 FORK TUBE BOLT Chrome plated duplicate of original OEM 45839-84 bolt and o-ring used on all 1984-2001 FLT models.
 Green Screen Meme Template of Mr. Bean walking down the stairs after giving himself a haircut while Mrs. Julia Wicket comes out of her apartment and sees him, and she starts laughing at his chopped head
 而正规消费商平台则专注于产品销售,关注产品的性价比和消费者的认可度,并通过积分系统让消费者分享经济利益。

...

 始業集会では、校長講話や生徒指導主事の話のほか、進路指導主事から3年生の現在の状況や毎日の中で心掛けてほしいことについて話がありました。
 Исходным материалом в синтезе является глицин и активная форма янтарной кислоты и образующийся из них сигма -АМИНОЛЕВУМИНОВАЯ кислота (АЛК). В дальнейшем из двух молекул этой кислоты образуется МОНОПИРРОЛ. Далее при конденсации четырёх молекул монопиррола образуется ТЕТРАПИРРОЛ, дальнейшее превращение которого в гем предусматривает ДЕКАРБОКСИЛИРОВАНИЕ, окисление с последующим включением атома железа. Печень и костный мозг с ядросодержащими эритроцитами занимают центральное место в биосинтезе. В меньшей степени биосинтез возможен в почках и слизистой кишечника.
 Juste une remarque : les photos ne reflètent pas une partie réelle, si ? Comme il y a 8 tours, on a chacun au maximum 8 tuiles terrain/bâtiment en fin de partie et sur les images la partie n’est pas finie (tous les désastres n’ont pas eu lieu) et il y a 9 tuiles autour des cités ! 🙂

■ **TASK**
There is a run of lines above from the one with "FORK TUBE BOLT" to the one with "而正规消费商平台则专注于产品"; print exactly that run, both ends included, and nothing else.

■ **WORKED SOLUTION**
 FORK TUBE BOLT Chrome plated duplicate of original OEM 45839-84 bolt and o-ring used on all 1984-2001 FLT models.
 Green Screen Meme Template of Mr. Bean walking down the stairs after giving himself a haircut while Mrs. Julia Wicket comes out of her apartment and sees him, and she starts laughing at his chopped head
 而正规消费商平台则专注于产品销售,关注产品的性价比和消费者的认可度,并通过积分系统让消费者分享经济利益。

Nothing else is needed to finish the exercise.